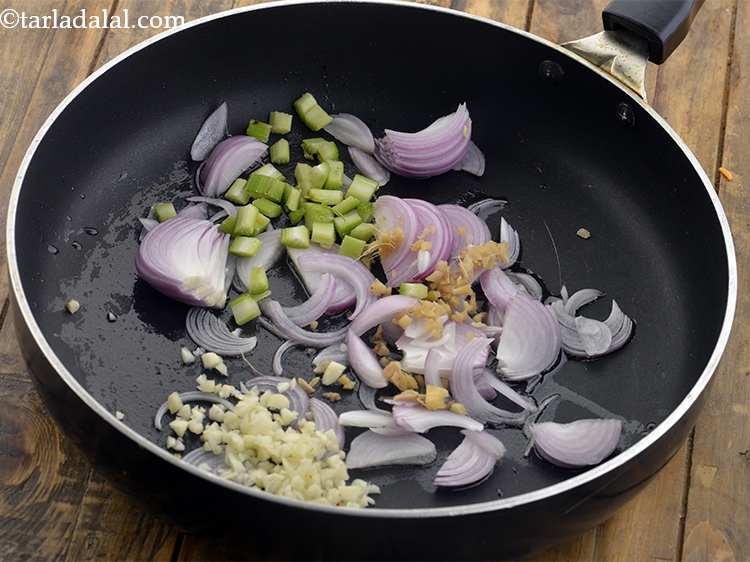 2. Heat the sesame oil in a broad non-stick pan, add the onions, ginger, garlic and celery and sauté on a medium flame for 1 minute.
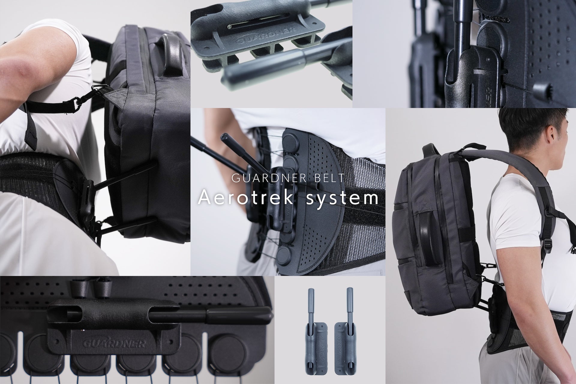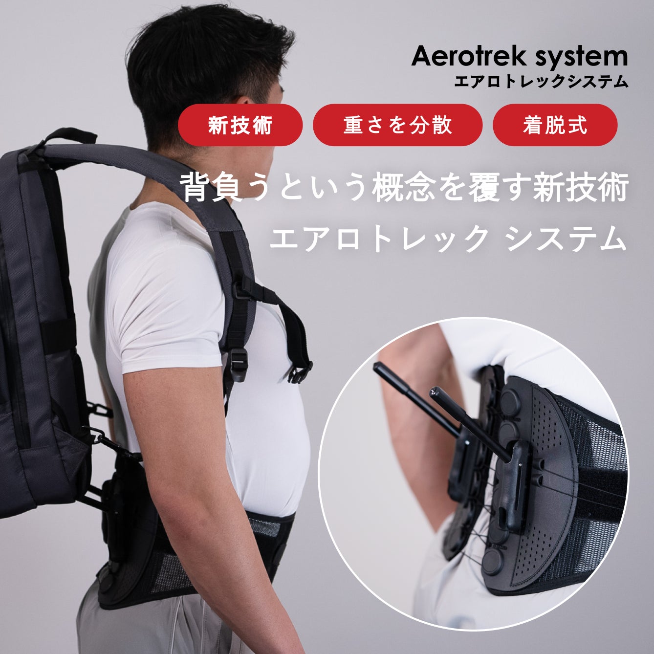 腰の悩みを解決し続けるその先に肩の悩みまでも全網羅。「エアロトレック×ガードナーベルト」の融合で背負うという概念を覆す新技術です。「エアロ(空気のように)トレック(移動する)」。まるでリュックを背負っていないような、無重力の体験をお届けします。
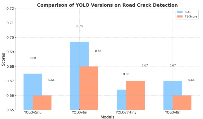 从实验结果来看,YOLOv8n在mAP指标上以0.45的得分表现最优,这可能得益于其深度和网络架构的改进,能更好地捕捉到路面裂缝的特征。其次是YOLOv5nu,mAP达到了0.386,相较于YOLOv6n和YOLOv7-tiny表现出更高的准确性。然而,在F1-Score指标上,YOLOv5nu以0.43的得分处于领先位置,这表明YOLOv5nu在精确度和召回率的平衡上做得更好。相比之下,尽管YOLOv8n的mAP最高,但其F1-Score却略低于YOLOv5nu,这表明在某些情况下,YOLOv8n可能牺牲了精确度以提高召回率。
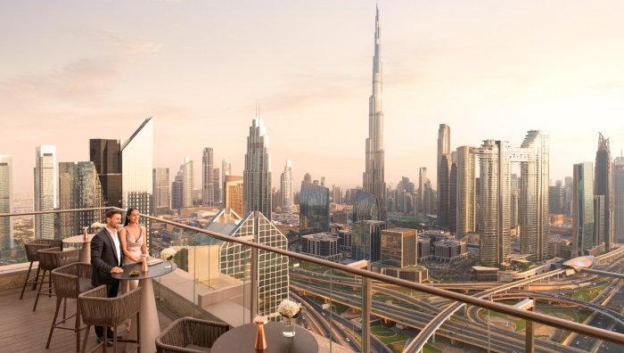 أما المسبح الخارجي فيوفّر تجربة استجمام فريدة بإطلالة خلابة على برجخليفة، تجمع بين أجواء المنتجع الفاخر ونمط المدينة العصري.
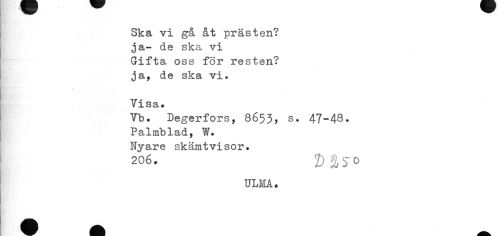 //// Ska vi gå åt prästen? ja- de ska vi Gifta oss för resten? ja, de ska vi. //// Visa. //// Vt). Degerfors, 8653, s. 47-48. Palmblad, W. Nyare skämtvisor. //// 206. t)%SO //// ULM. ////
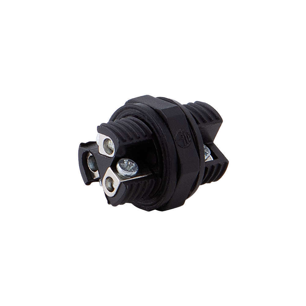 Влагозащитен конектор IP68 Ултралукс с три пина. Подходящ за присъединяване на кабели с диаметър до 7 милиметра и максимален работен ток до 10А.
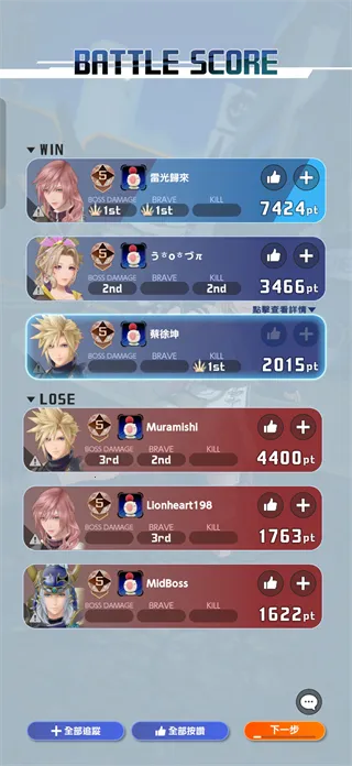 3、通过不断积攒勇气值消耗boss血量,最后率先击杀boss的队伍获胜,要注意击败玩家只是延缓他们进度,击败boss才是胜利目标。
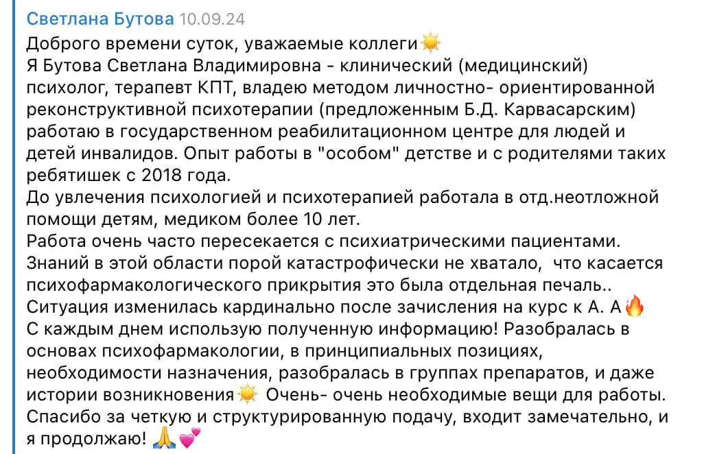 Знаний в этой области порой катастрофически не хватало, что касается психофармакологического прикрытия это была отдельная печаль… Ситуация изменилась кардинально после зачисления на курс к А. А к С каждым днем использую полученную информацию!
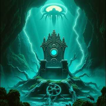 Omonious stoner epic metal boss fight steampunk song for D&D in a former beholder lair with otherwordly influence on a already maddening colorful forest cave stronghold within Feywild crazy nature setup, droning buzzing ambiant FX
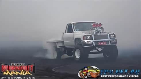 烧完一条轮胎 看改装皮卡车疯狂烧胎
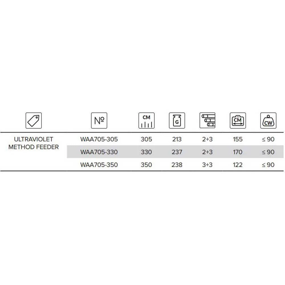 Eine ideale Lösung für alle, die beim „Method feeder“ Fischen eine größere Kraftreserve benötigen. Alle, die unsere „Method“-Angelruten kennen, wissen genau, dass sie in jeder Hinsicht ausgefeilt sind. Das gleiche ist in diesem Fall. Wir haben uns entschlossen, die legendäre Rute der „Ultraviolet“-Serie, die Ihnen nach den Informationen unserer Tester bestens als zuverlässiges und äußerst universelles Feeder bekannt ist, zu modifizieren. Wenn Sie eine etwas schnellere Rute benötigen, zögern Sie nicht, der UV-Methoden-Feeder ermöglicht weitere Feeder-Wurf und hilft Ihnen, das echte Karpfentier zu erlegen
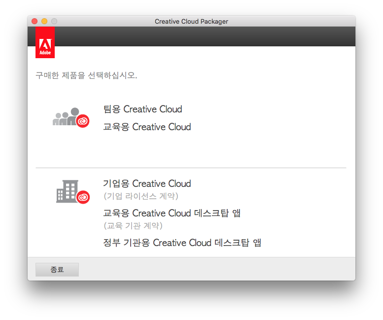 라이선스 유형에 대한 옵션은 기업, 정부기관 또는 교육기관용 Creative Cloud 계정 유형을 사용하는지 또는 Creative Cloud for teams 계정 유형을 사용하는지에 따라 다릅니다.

--

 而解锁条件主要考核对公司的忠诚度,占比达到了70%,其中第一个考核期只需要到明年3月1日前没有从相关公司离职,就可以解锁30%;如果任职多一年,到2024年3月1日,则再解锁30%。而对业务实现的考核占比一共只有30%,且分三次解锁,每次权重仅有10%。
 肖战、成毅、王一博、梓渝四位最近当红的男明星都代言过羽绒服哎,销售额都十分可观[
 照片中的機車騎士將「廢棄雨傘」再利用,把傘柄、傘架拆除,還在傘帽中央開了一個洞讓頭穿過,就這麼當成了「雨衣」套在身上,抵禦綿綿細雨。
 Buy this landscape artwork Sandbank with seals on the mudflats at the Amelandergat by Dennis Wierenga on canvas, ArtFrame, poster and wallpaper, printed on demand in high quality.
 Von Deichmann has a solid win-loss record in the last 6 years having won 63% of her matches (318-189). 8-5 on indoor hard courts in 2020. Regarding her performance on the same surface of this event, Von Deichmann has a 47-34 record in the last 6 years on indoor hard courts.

* Task objective: For this exercise, please set down exactly the lines of the listing above from the line with "2. Heat the" up to and including the line with "从实验结果来看,YOLOv8", and no pictures.

* The completed task:
 2. Heat the sesame oil in a broad non-stick pan, add the onions, ginger, garlic and celery and sauté on a medium flame for 1 minute.
 腰の悩みを解決し続けるその先に肩の悩みまでも全網羅。「エアロトレック×ガードナーベルト」の融合で背負うという概念を覆す新技術です。「エアロ(空気のように)トレック(移動する)」。まるでリュックを背負っていないような、無重力の体験をお届けします。
 从实验结果来看,YOLOv8n在mAP指标上以0.45的得分表现最优,这可能得益于其深度和网络架构的改进,能更好地捕捉到路面裂缝的特征。其次是YOLOv5nu,mAP达到了0.386,相较于YOLOv6n和YOLOv7-tiny表现出更高的准确性。然而,在F1-Score指标上,YOLOv5nu以0.43的得分处于领先位置,这表明YOLOv5nu在精确度和召回率的平衡上做得更好。相比之下,尽管YOLOv8n的mAP最高,但其F1-Score却略低于YOLOv5nu,这表明在某些情况下,YOLOv8n可能牺牲了精确度以提高召回率。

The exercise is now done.